◆ Exercise: Please restate, word for word, the lines below that begin at the one with "Дом из теплоблоков" and end at the one with "第一次去到现场的时候发现并没". Leave out all other lines.
*** Records for the task Section Begins ***
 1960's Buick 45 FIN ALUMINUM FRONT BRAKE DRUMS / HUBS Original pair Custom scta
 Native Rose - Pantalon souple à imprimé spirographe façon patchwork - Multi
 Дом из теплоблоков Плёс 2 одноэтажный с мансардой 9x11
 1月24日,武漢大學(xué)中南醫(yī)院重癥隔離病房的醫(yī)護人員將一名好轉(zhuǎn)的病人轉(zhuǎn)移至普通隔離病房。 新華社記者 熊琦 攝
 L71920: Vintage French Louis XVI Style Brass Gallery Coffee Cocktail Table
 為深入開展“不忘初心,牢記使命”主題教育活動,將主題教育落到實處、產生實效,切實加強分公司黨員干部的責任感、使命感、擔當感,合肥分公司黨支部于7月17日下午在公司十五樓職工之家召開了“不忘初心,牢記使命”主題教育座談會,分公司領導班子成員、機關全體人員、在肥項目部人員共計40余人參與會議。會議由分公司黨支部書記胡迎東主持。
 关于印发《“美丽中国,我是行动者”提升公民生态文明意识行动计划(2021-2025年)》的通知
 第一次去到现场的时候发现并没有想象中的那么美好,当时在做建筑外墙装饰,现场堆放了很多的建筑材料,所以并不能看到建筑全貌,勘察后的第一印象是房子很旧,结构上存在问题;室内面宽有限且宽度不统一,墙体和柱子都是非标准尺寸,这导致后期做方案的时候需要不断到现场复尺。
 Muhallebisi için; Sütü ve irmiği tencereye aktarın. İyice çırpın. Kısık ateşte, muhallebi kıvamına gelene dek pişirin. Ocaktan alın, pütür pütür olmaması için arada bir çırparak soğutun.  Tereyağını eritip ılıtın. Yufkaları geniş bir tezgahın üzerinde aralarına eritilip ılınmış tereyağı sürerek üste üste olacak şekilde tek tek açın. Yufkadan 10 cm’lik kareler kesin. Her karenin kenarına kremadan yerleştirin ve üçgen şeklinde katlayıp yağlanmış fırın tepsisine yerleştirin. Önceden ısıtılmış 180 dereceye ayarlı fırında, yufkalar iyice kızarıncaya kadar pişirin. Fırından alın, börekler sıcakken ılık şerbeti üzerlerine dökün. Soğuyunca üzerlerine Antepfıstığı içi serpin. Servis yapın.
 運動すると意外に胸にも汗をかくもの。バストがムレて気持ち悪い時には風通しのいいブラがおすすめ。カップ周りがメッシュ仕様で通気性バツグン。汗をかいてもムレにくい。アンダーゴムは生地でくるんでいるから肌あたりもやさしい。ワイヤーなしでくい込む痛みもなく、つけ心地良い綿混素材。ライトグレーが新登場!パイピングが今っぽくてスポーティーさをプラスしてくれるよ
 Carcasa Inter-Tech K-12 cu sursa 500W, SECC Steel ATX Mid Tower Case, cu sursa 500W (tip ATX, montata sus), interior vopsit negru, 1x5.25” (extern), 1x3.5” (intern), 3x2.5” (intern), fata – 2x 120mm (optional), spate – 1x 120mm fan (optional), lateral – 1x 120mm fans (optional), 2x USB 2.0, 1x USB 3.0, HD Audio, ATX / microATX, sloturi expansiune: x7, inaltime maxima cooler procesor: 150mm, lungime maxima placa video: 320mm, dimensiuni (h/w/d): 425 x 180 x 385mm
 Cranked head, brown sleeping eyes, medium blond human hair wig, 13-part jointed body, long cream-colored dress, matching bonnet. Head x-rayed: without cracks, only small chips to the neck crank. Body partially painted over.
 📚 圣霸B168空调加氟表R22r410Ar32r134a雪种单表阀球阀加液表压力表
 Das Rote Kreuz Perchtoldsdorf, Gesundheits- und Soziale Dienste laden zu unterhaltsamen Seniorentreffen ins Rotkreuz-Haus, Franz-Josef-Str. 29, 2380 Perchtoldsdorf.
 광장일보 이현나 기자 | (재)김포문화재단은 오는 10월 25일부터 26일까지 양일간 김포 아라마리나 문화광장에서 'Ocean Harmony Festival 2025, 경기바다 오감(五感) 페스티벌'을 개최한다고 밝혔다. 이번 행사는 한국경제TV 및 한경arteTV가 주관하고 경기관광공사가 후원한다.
*** Records for the task Section Ends ***
◆ Answer to this exercise:
 Дом из теплоблоков Плёс 2 одноэтажный с мансардой 9x11
 1月24日,武漢大學(xué)中南醫(yī)院重癥隔離病房的醫(yī)護人員將一名好轉(zhuǎn)的病人轉(zhuǎn)移至普通隔離病房。 新華社記者 熊琦 攝
 L71920: Vintage French Louis XVI Style Brass Gallery Coffee Cocktail Table
 為深入開展“不忘初心,牢記使命”主題教育活動,將主題教育落到實處、產生實效,切實加強分公司黨員干部的責任感、使命感、擔當感,合肥分公司黨支部于7月17日下午在公司十五樓職工之家召開了“不忘初心,牢記使命”主題教育座談會,分公司領導班子成員、機關全體人員、在肥項目部人員共計40余人參與會議。會議由分公司黨支部書記胡迎東主持。
 关于印发《“美丽中国,我是行动者”提升公民生态文明意识行动计划(2021-2025年)》的通知
 第一次去到现场的时候发现并没有想象中的那么美好,当时在做建筑外墙装饰,现场堆放了很多的建筑材料,所以并不能看到建筑全貌,勘察后的第一印象是房子很旧,结构上存在问题;室内面宽有限且宽度不统一,墙体和柱子都是非标准尺寸,这导致后期做方案的时候需要不断到现场复尺。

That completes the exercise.